Health experts have called for focusing the HIV prevention in India towards high-risk groups such as sex workers after the global estimate of HIV/AIDS was revised in the 2007 UNAIDS/WHO AIDS epidemic update.
This revision is because of the major reduction of the estimate for India, which has been set at 2.5 million people living with HIV/AIDS - less than half of the previous official estimate of 5.7 million people.
It is based on a new population-based data from the National Family Health Survey in India.
The health research experts at The George Institute India explained in a commentary published in the Lancet on World AIDS Day, the basis of this drop and the implications for future planning of HIV/AIDS control in India.
The author of the commentary was Professor Lalit Dandona, Senior Director of The George Institute India and Chair of International Public Health at The University of Sydney School of Public Health.

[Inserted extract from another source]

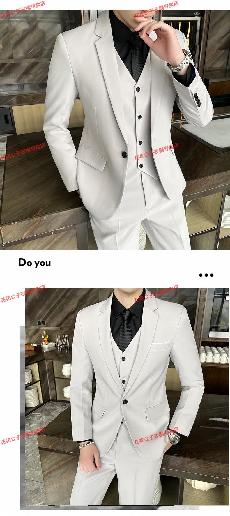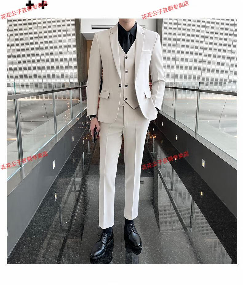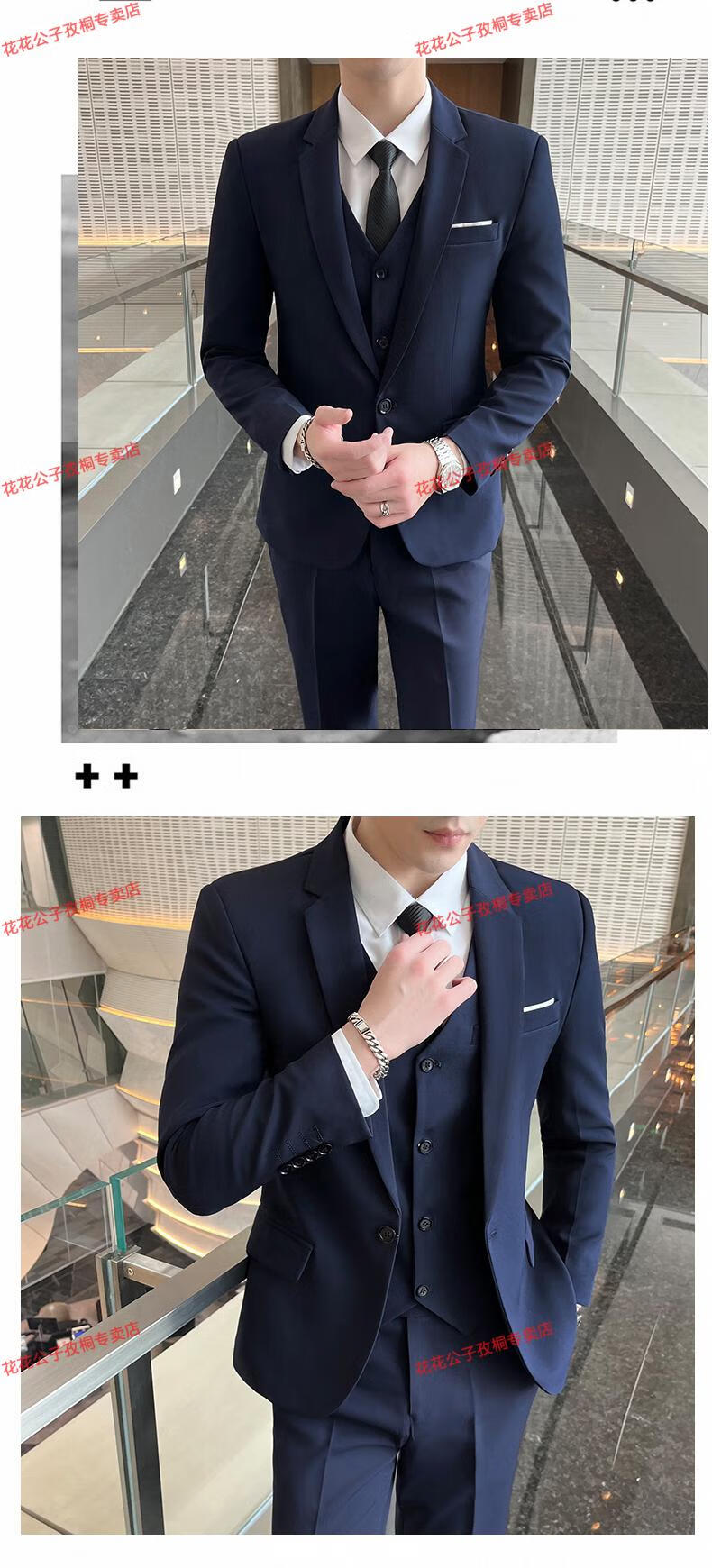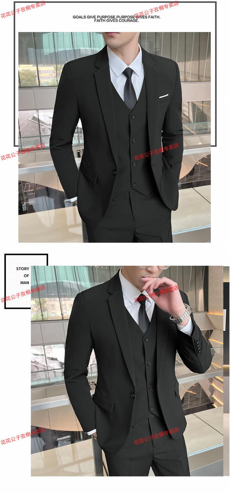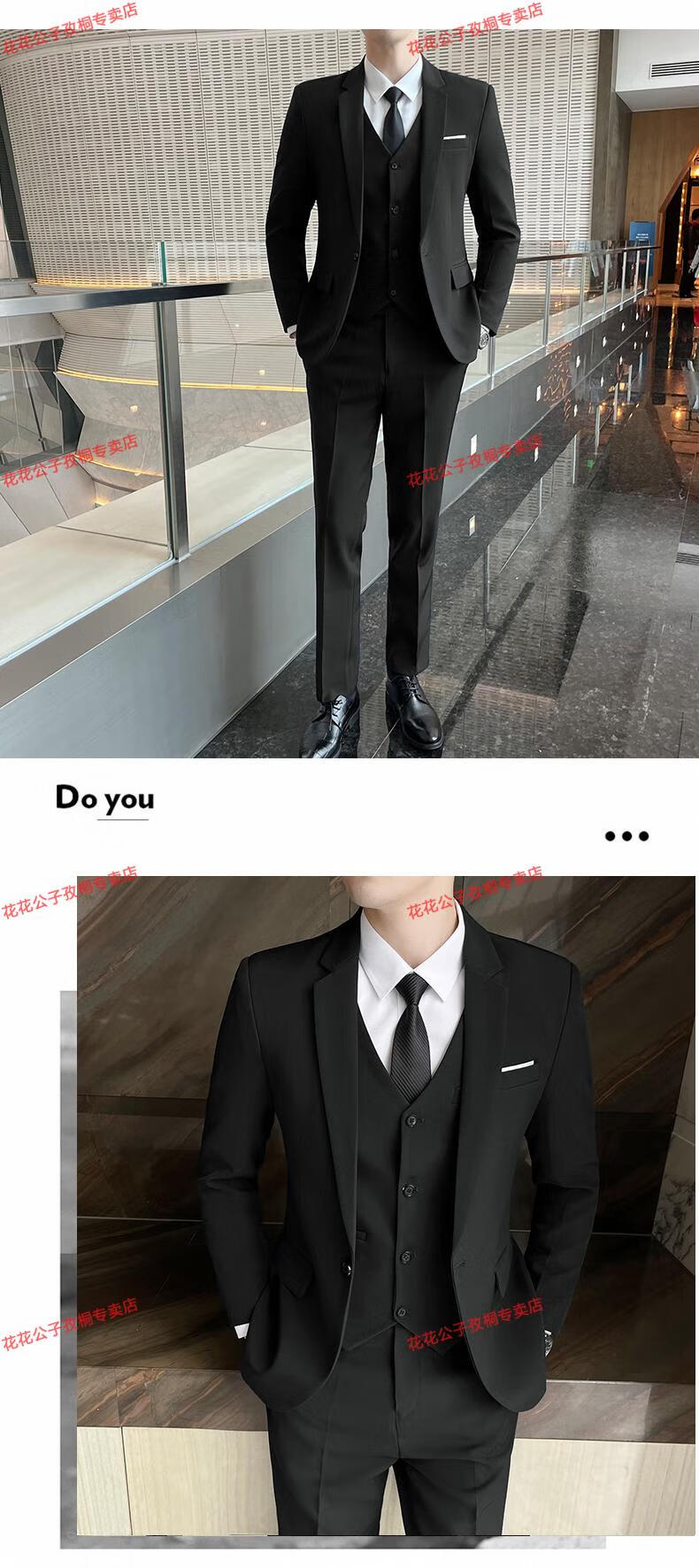 Playboy Men's Suit Suit Casual Business Professional Formal Wear Korean Style Groom Wedding Suit Jacket Slim Groomsman Dress Two-button Black Suit + Vest + Pants + Shirt Free 2XL (135~150Jin Jin is equal to 0.5kg)

"The data from the recent National Family Health Survey support the findings from similar studies we conducted in southern India, where we showed that the previously used official method for estimation of HIV burden in India was in fact not valid, and led to a 25 times higher estimate than what is actually the case," Lancet, quoted him as saying.
Professor Dandona explained that well-designed scientific population-based surveys offer a far more dependable representation of HIV in India, as compared to the official method used so far, which inferred data directly from large public-sector hospitals to the population.
"The official method overestimated the burden of HIV in India as the profile of patients visiting large public-sector hospitals is quite different from the population at large, in terms of disease distribution including HIV," he said.
He believes that the new and much reduced HIV estimate for India has several implications.
"We can now see that the official method for annual estimation of HIV prevalence in India needs revision. The new figures show the projected number of people needing HIV treatment over the next decade, and the associated resources needed, will be less than previously anticipated," he said.
Professor Dandona said that the new HIV estimate for India significantly indicates that HIV rates as seen in sub-Saharan Africa will not occur in India.
Efforts for HIV prevention in India should therefore be aimed directly towards high-risk groups, such as sex workers, men who have sex with men, mobile populations (migrant labourers and truckers), people with other sexually transmitted infections, and injection drug users.
However, other areas of focus should include counselling, testing, prevention of transmission from mother to child, and blood-transfusion safety.
Also, Professor Dandona said that it is vital that the public-health approach for HIV control in India becomes more scientific.
"The establishment of a reliable estimate of HIV burden in India is only an initial step, what's needed now is more scientific effort to understand the dynamics of HIV spread in India and the impact of interventions on HIV control in India," he said.